Diversity is Still Unfinished Business

Many U.S. companies have tried to conduct diversity programs in the last ten years. It's been a case study in how not to achieve social change.
Some places never intended to do more than have one session with an outside speaker. Some didn't have any mission or agenda for a follow-up after an initial "roll-out."
Some people fed the fallacy about white men disappearing from the workforce. They used scare tactics to get the attention of (white male) management and when they couldn't explain why their doomsday scenario didn't occur they lost credibility.
Some people who believed in pursuing the work didn't have any authority or support to do so. Some organizations don't know how to treat themselves as a social system or their endeavor as a social (much less socially responsible) activity.
Some places didn't know they should be developing internal resources and capability beyond attending an outsider's sessions.
Some companies obviously are not equipped to address human relations in any significant way-their personnel departments exist primarily to process people through the system, not to leverage "human resources," "intellectual capital," "knowledge work," or "human assets."
Some places were not willing to adjust their management practices. Some managers saw no reason to change and were not persuaded by any argument inside or outside of their operation.
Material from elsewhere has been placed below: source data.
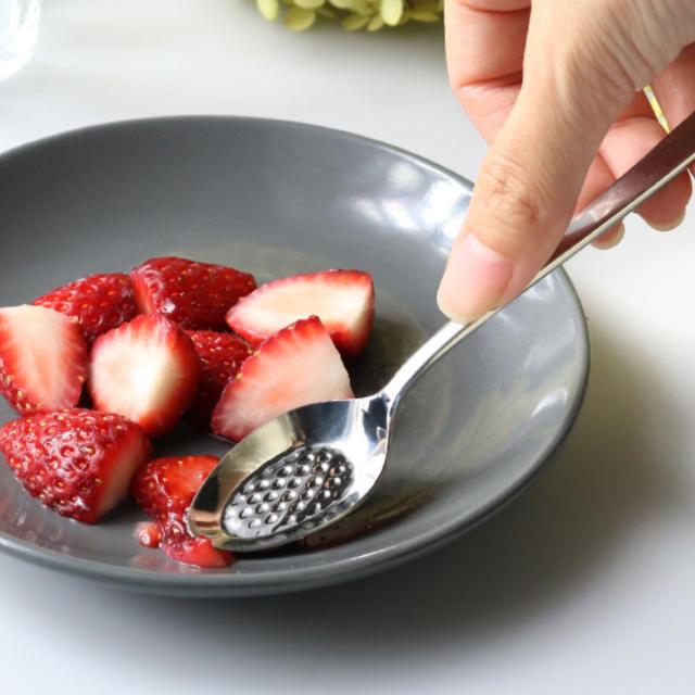 スプーンの底部は、イチゴをつぶしやすい平ら形状になっています。丈夫なステンレス製で、食洗機で洗えるのでお手入れが簡単です。
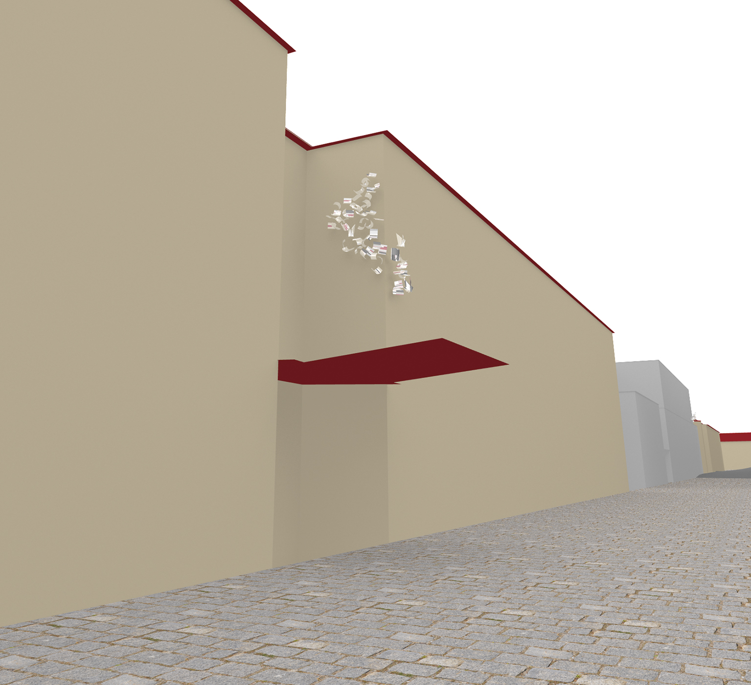 The proposal constitutes on the one hand on papers rotated in the different agencies and on the other hand on a regional bird Thrush Nightingale, Luscinia luscinia. In the piece the core material, papers, undergoes a visual transformation to origami birds that you can twitch amongst the wind blown papers. The sheets of papers spreading from the Lappeenranta government agencies are flowing away by the blowing wind covering the entire Villimies Street (Villimiehenkatu) area. The apparent lightness is however delusive. Many important decisions concerning lots of people are taking place inside the walls of these particular agencies. The decision-making is essentially related to papers and information and constitutively to power, responsibility, liberty and freedom.
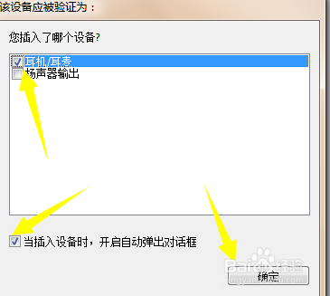 若是弹出这个窗口那么我选择耳机点击确定就可以正常利用耳麦了。
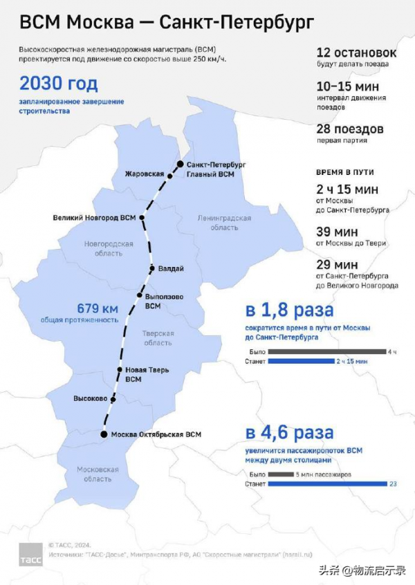 据悉,"莫斯科-圣彼得堡"高铁全长679公里,设计最高时速400公里,运行时速360公里。项目计划总投资2.1245万亿卢布(约235亿美元),其中建设投资1.9765万亿卢布(约215亿美元),采购高铁列车1480亿卢布(约20亿美元)。项目分两期,一期计划2028年建成通车,全线计划2030年建成通车,届时莫斯科与圣彼得堡间的火车运行时间将缩短至2小时15分钟。
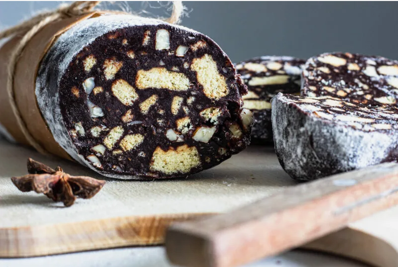 Первая на памяти многим — шоколадная колбаса. Это сладкое лакомство из печенья, сахара, какао и орехов с легкостью замораживалось и радовало своим вкусом в любое время. Практически ритуалом являлось тот момент, когда из морозилки доставали эту вкусную закуску, и с ней не раз прощались на долгое время.
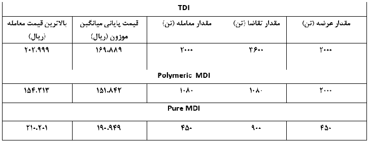 در خصوص محصولات MDI میزان عرضه در ماه آذر نسبت به ماه قبل از 1600تن به 2000 تن و همچنین میزان تقاضا و معامله انجام شده از 400 تن به 1080 تن افرایش یافته که بیش از 2.5 برابر شده است. . از طرفی قیمت این محصول نیز در ماه آذر نسبت به ماه آبان بیش از 1 درصد افزایش داشته و به رقم 151،842 ریال رسیده است.
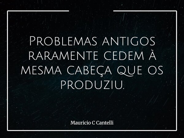 Problemas antigos raramente cedem à mesma cabeça que os produziu.
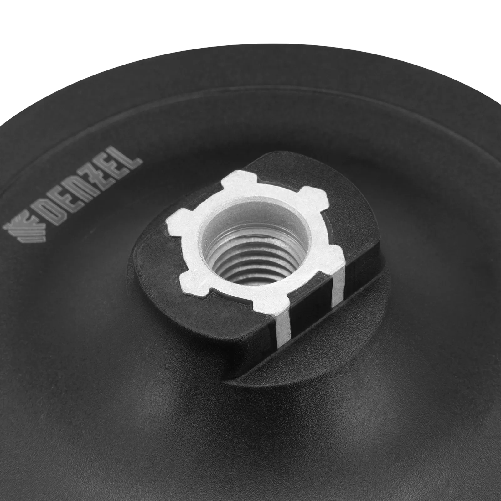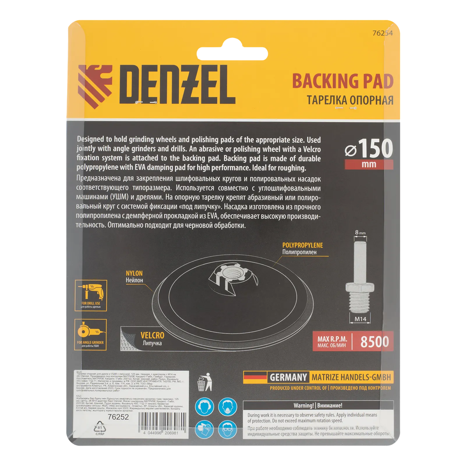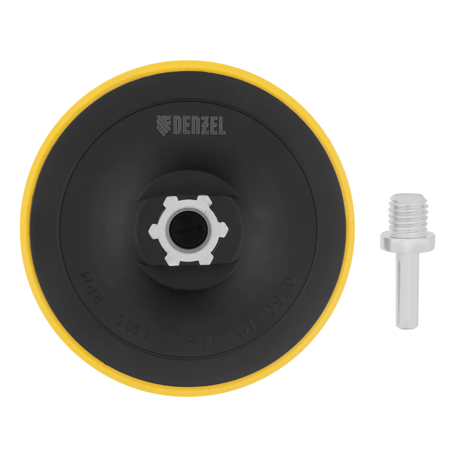 Тарелка опорная Denzel 76252 диаметром 150 мм, с липучкой и адаптером с М14 на d8, стандартная, устанавливается на дрель или углошлифовальную машину (УШМ). Используется для крепления абразивных или полировальных кругов на ворсовой основе, позволяет подготовить поверхность для дальнейшей обработки или придать ей финишную гладкость.
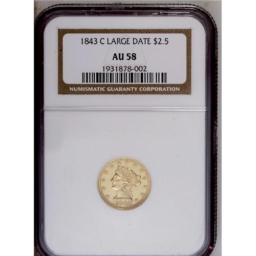 <B>1926<$2 1/2> MS63 NGC.</B></I> This shimmering honey-gold type coin has a pair of hair-thin marks on the left reverse, but no other contact is consequential. Housed in an older generation holder.
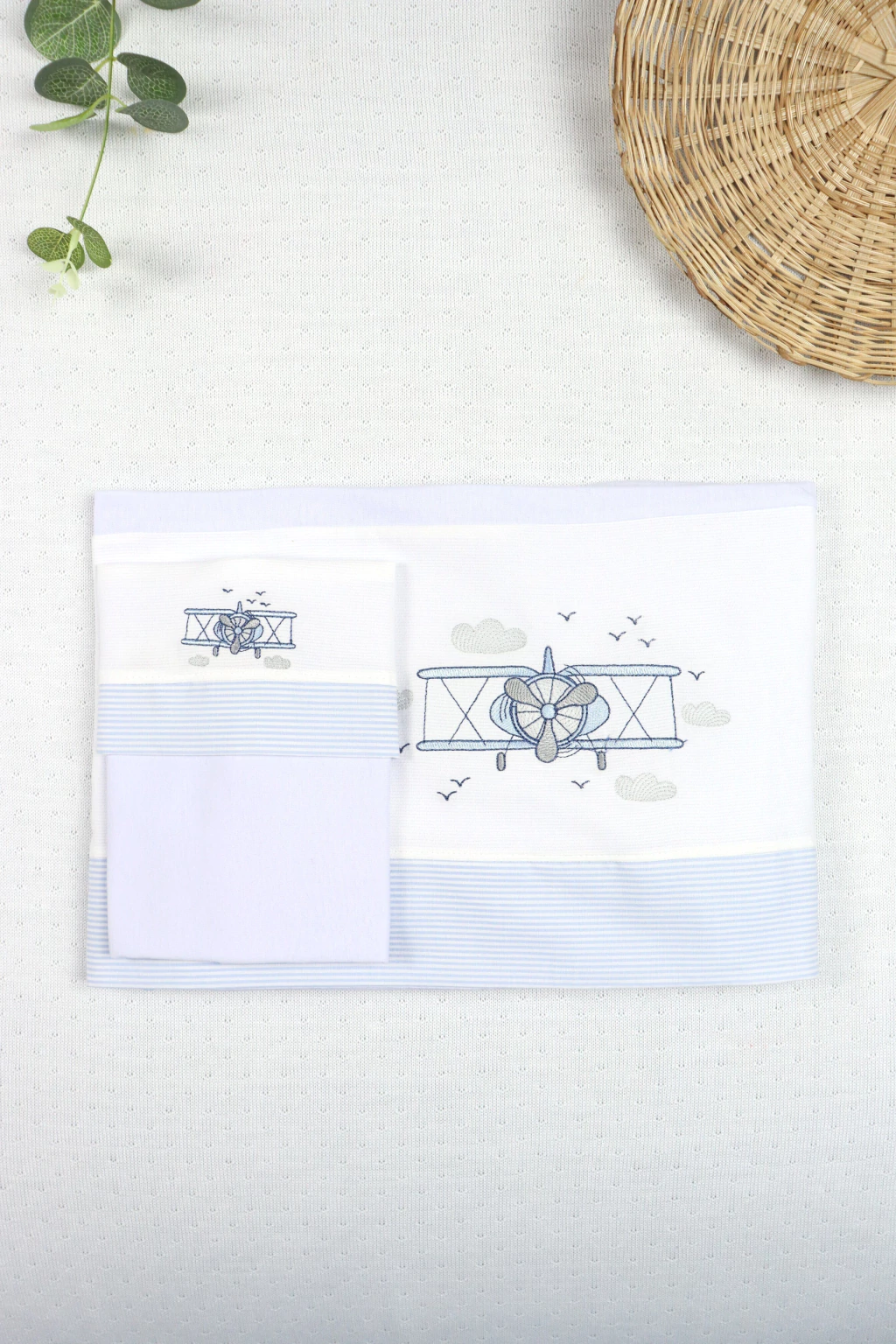 jogo lencol carrinho 3 pecas aviao R$97,10
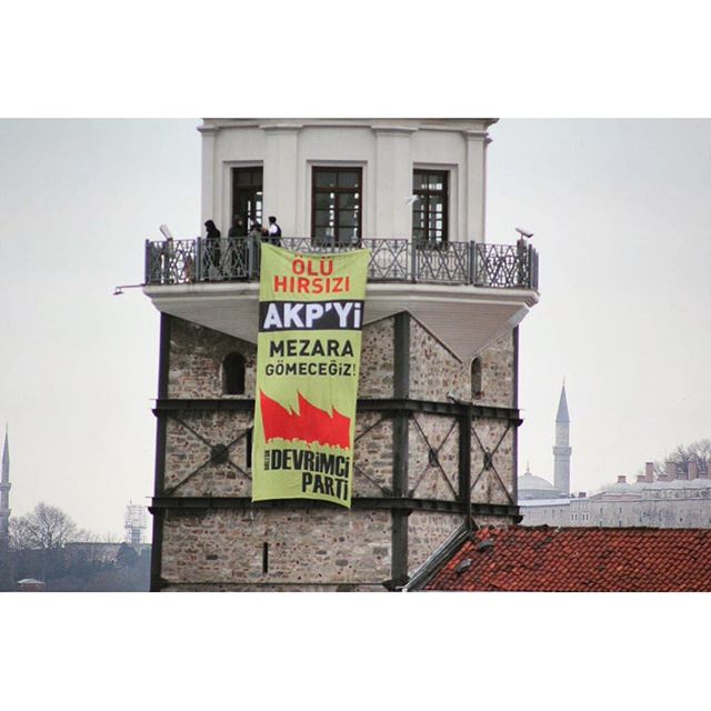Aktivist_innen der Vereinten Revolutionären Partei haben das Istanbuler Wahrzeichen besetzt, um Aufmerksamkeit auf die kriegerischen Angriffe und Handlungen des türkischen Staates in Cizîr und die 23 Verwundeten zu ziehen, die immer noch in einem Haus festsitzen, zu dem keine Rettungskräfte durchgelassen werden.
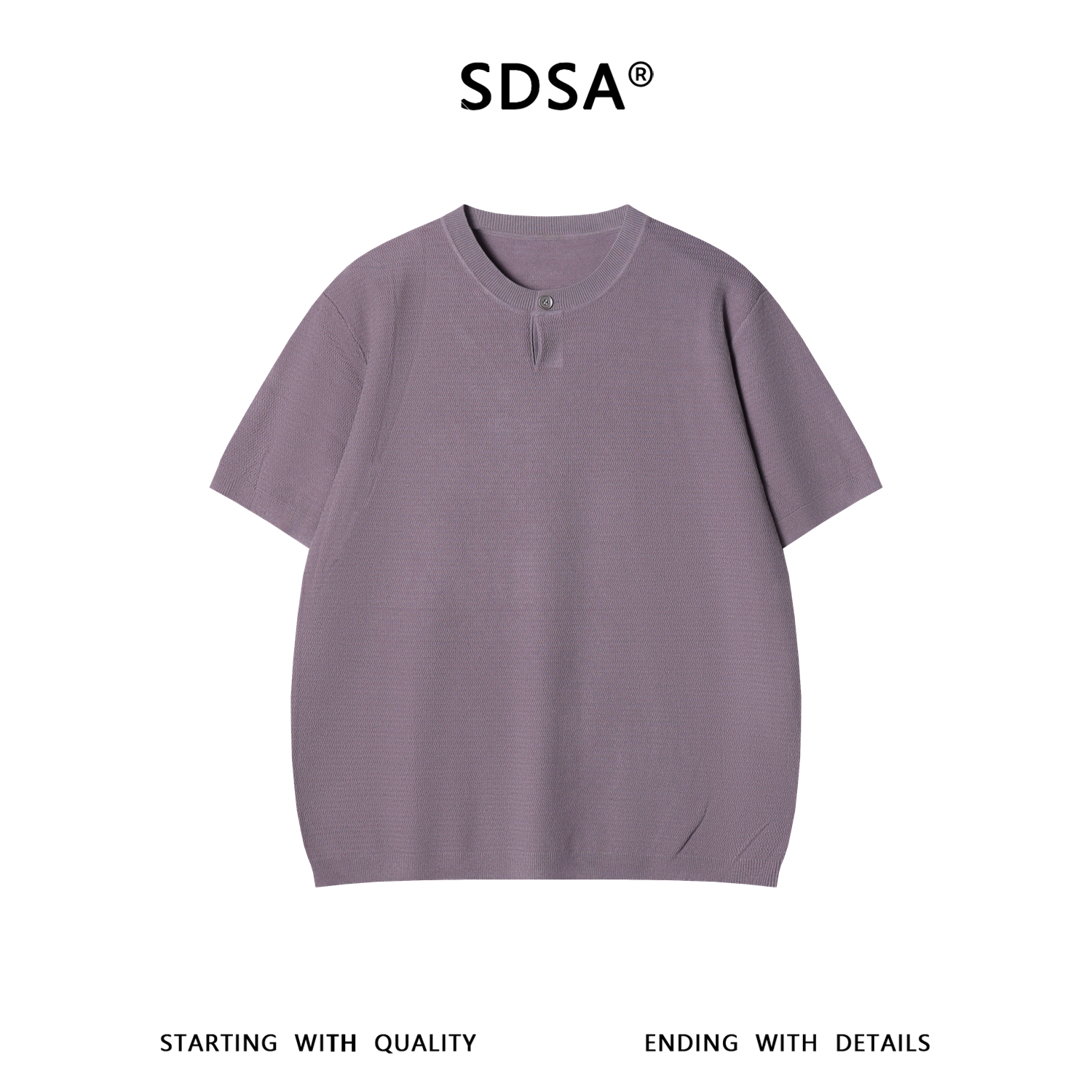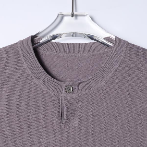 SDSA男装2026新款高贵轻奢美式简约波浪暗纹单扣针织短袖T恤百搭
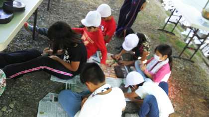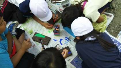 黒々とした木の板に、思い思いの絵や言葉をかいていきます。
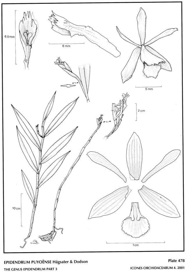 "Epidendrum puyoense belongs to the GROUP Alberti SUBGROUP Physinga, recognized by the caespitose habit, apical and lateral inflorescences, successive flowers with the ovary covered by large, conduplicate bracts, peduncle frequently ancipitose. The species is distinguished by the ancipitose stems, elongate inflorescence, sepals partly spreading, .32 to .4" [8 to 10 mm] long, the lip suborbicular, the margin erose-dentate and the clinandrium prominent, much surpassing the body of the column, funnel-shaped and deeply fimbriate. Epidendrum dalessandroi Hágsater & Dodson has much larger plants and flowers, the sepals .8 to .88" [20 to 22 mm] long. Epidendrum notabile Schltr. also has a dentate margin of lip and petals, but short, subsessile inflorescences and a short clinandrium. Epidendrum gentryi Dodson has somewhat swollen, terete stems, only apical inflorescence, larger flowers, sepals .48 to .52" [12 to 13 mm] long, clinandrium prominent, but narrow, tubular, entire, and the lip suborbicular with the margin entire. Epidendrum dactyloclinium Hágsater & Dodson has larger flowers, a prominent three-lobed clinandrium with the lateral lobes finger-like, the dorsal lobe deeply dentate, the lip triangular with the corners rounded, sepals spreading, and the petals linear-oblanceolate. Epidendrum nematopetalum Hágsater & Dodson has filiform petals, a cordiform lip and a prominent entire clinandrium somewhat arched with the apical margin minutely dentate." Hagsater etal 2001
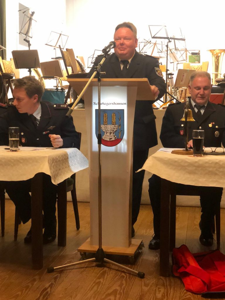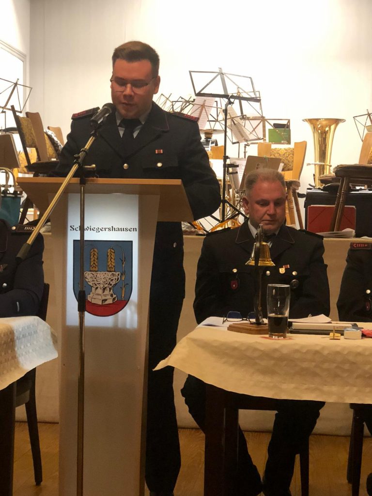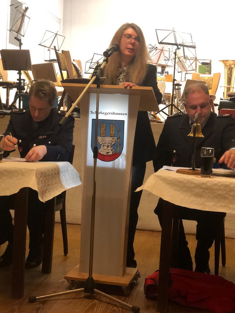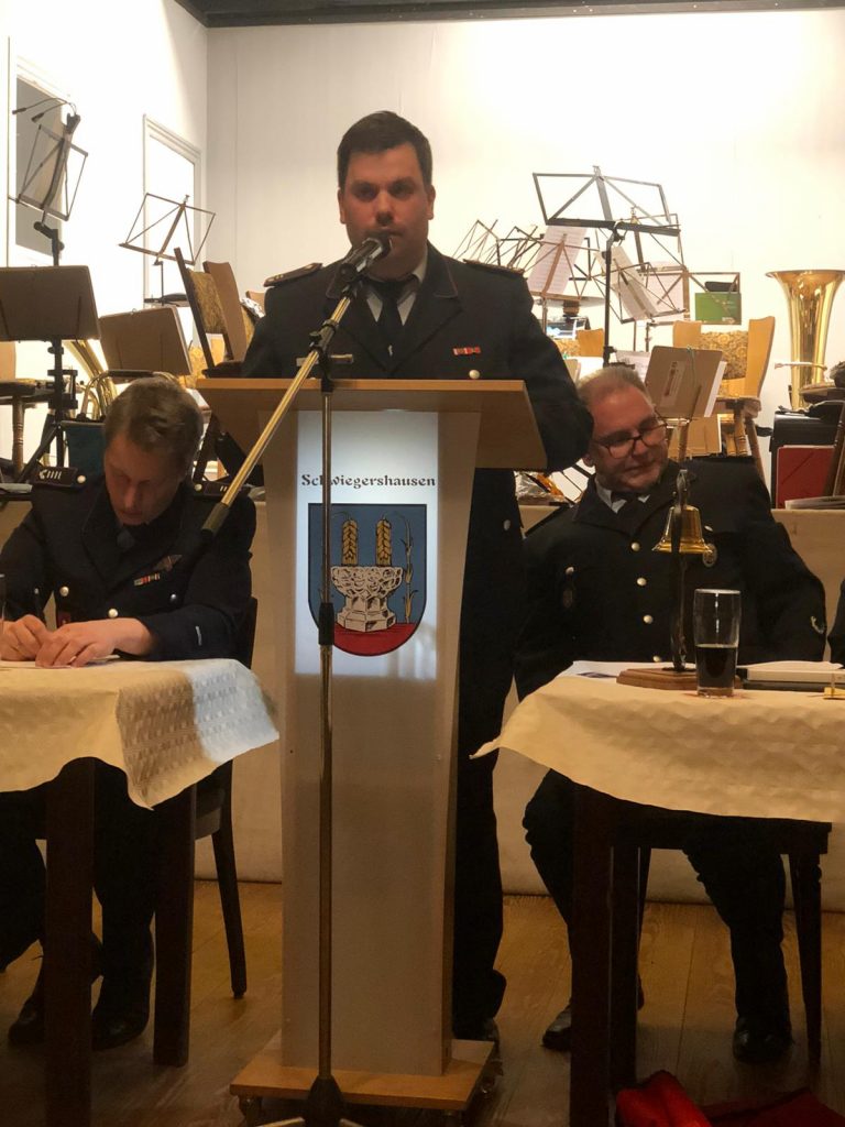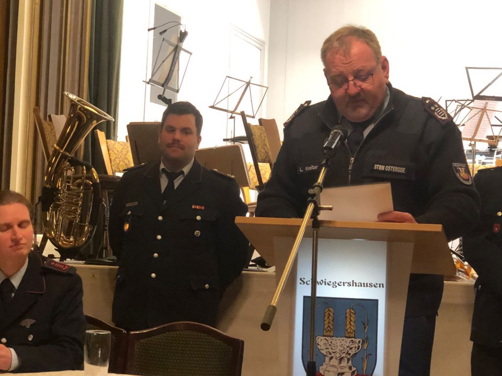 In Ihren Grußworten dankten Bürgermeister Augat und Ortsbürgermeisterin Schrader der Ortsfeuerwehr Schwiegershausen für die geleistete Arbeit im Jahr 2026. Augat konnte die Versammlung darüber informieren, dass die Stadt Osterode viel Geld in ihre Freiwillige Feuerwehr investiert, was u.a. durch den bevorstehenden Bau des gemeinsamen Gerätehauses der Ortswehren Förste und Nienstedt deutlich wird. Kathrin Schrader thematisierte den Großbrand der ehemaligen Gastwirtschaft „Zur Linde“ sowie die in Eigenregie durchgeführte Neuanschaffung eines Mehrzweckfahrzeuges. Kamerad Markus Herzberg nahm erstmals an einer Versammlung in Schwiegershausen teil und sprach von aktuellen Themen die die Kreisfeuerwehr sowie den Kreisfeuerwehrverband betreffen. So konnte er betonen, dass der Bau der neuen FTZ bei Ebergötzen aktuell voll im Bau- und Kostenrahmen liegt.
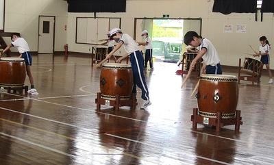 体育館では、4年生だけで、太鼓の自主練が行われていましたやる気満々の4年生、がんばって

Some companies treated diversity as a way to dodge Affirmative Action and Equal Employment guidelines, used "diversity" as a synonym for "minorities," and continued doing business as usual.
Some companies ran out of steam after the first pass-nobody told them there was more to it than that and they never figured it out.
Some places sponsored an interpersonal exercise without looking at how power is distributed in their systemic and historical practices. They settled for anything that was politically easier than addressing institutional change.
Some places assigned one person to diversity, without a budget, without a mandate, without a prayer of accomplishing anything.
Some places stalled for years by defining diversity as irrelevant to their work. Others spent years trying to define diversity and rejecting every definition. Others spent years studying what to do and then gave up.
Some companies never had any commitment to diversity but went through the motions because it was expected that they should look like they were doing something.
Add them all together and we had a lot of false starts, dead ends, and empty gestures. I keep hearing from people who were caught in such mixed messages and double-binds.
Diversity is many things-a bridge between organizational life and the reality of people's lives, building corporate capability, a multi-dimensional effect, the framework for interrelationships among people, a commitment to the humanity of our enterprises, a learning exchange, a strategic value, open-ended, dynamic, our lens on the world, a pathway to "liberty and justice for all.".
Diversity is the great noble calling of America. It remains the great unfinished business of the American workplace. For many companies, it is obviously harder than rocket science-we've been to the moon a number of times, but we still haven't dealt with the larger ramifications of diversity.